This volcano in Iceland erupted, sending tons of smoke, steam and tiny particles into the air, which has paralyzed air travel in Europe for days. Almost two-thirds of all transatlantic flights into European airports were cancelled and authorities shut down airspace over France, Denmark, Norway, Sweden, Finland, Belgium, Italy, Switzerland, Slovakia, Croatia and Hungary. As the cloud moved east, flights were halted at Frankfurt, Europe's third-busiest airport, and at 10 other German airports.
There are expected to be few if any flights in the UK and western Europe over the weekend, "placing yet more strain on road, rail and ferry networks already struggling to cope with thousands of stranded passengers." The ripple effect is being felt in the U.S., causing delays and cancelled flights. European airlines are losing billions. And there is still some danger of new eruptions--perhaps even of a larger volcano nearby, which historically erupts soon after the current one does.
Update: A NY Times story on the volcano effects, calculating the problems and speculating on what happens if it goes on for weeks rather than days.
Update2: The volcanic ash over Europe has forced President Obama to cancel his planned trip to Poland to attend the funeral of the president of Poland, killed in an air crash along with his wife and many senior members of the Polish government.

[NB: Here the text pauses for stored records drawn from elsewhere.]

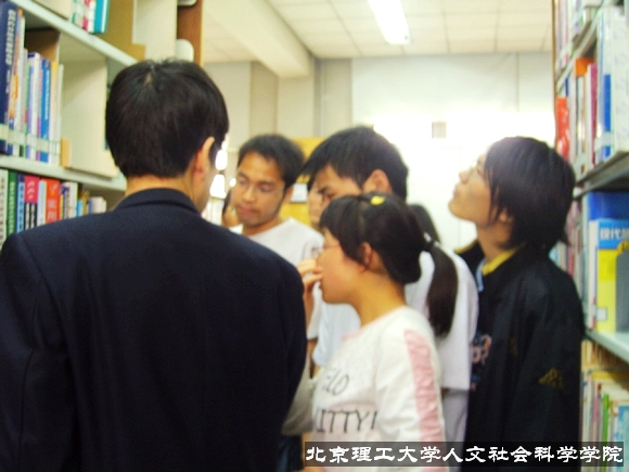 阅览室的一名负责人为我们讲解排书的技巧
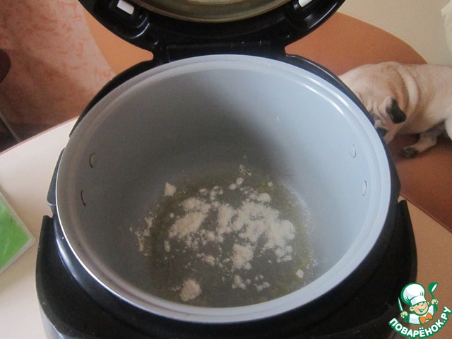Смазать чашу мультиварки маслом и чуть присыпать мукой и поставить на режим подогревание на 2-3 минуты.
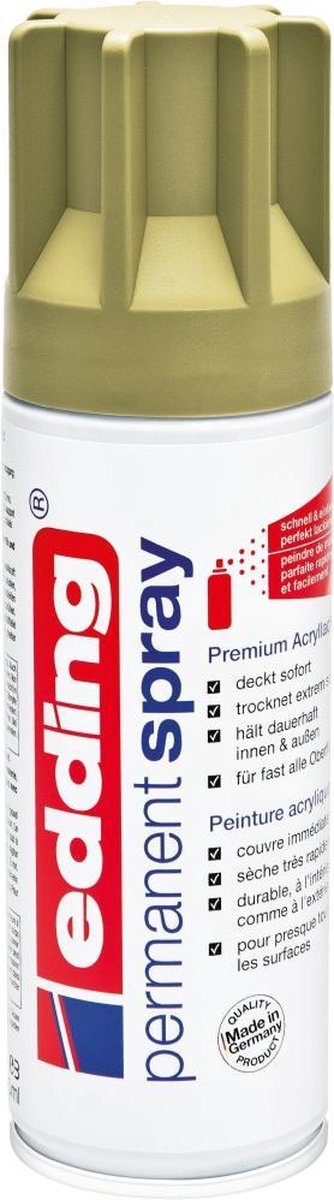 Permanent spuitbus zijdemat acryllak van edding Deze spuitlakken vallen op door de uitzonderlijke hoge dekking, de lakken drogen extreem snel en duurzaam - zowel binnen als buiten. Afhankelijk van de kleur zijn de lakken van edding tweemaal zo royaal als traditionele spuitlakken. Met verwisselbare spuitkoppen kan je diverse spuitbreedten instellen dankzij een nieuwe ventieltechniek. Er zijn 30 intense standaard- en modekleuren in handige spuitbussen van 200 ml. De spuitbussen zijn 100% vrij van zware metalen die de gezondheid kunen schaden. *De droogtijd hangt af van de omgevingstemperatuur, luchtvochtigheid en de dikte van de opgebrachte laag. Voordelen van edding acryllak spuitbus: dekt in één keer, eenmaal spuiten en direct perfect resultaat droogt extreem snel duurzame hechting, binnen & buiten voor vrijwel alle oppervlakken 200 ml spuitbus is geschikt voor 0,7 - 1 m 2
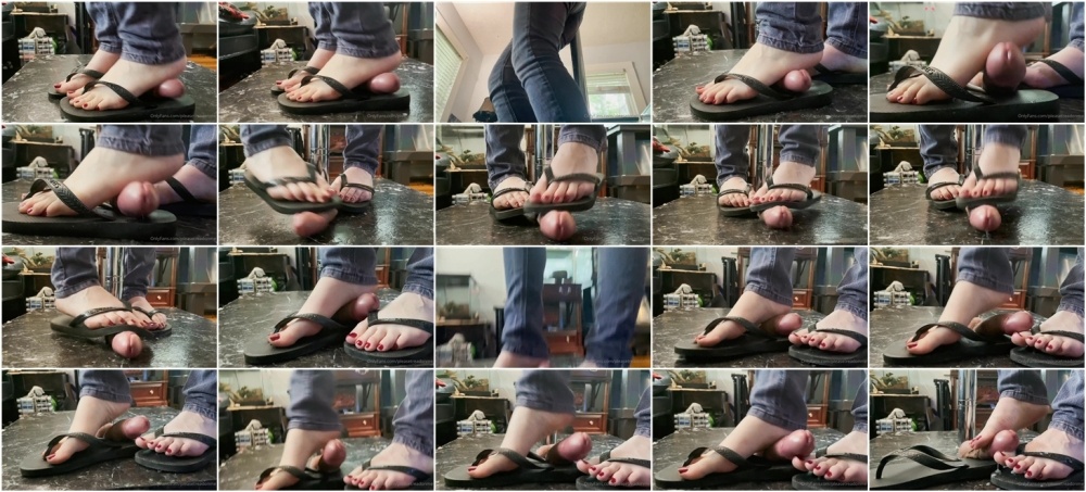 Pleasetreadonme - POVS I crush his HARD cock between my FLIP FLOPS until he EXPLODES on my toes

All of this is an object lesson in systematic vulnerability: the vulnerability of interconnected vital systems to the cascading effects of relatively small disruptions. Given the likelihood that "natural disasters" like storms, floods and droughts are going to increase as the Climate Crisis phases into Climate Cataclysm, responsible parties--namely governments--need to be looking into these fragile systems we've come to depend on so completely, in so short a time.
Those who are thinking about dealing with such problems in the future--intense and local ones, but eventually several simultaneously--talk a lot about "resilience." But our infrastructures are not resilient. If they aren't too old, they are too new and without sufficient redundancy. And there is shrinking capacity in secondary systems to use as alternatives if the main systems fail.

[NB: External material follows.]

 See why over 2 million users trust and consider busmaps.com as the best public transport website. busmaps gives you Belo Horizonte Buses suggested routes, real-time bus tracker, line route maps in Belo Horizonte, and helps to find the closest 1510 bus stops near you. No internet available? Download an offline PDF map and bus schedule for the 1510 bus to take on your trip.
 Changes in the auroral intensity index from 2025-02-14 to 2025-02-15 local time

Europe is actually in better shape that we are to cope with a crisis like this--they have a better rail system, in terms of capacity and reach, and also in speed: they have more high speed trains and routes than we even currently dream of. If air travel is curtailed for longer than a few days, they are in better position to cope.
This is an issue beyond climate-related emergencies. What happens if for some reason the Internet goes down, or communication with GPS satellites? At least we know our electrical grids are dangerously old and fragile, even if we haven't done much about it.
Through climate data, we are learning how vulnerable our planet is to certain changes (especially in the atmosphere), as resilient as it otherwise is. What will it take to convince us how vulnerable this civilization has become, when our food and even our water comes from far away? When our livelihoods, our economies depend on interconnected energy, transportation and information systems? Put these two areas of vulnerability together--in a crash in the ocean food chain, or the disappearance of honey bees--and face just how fragile this is, the life we take stupidly for granted. And maybe pay attention to doing something about it, before it becomes way too obvious.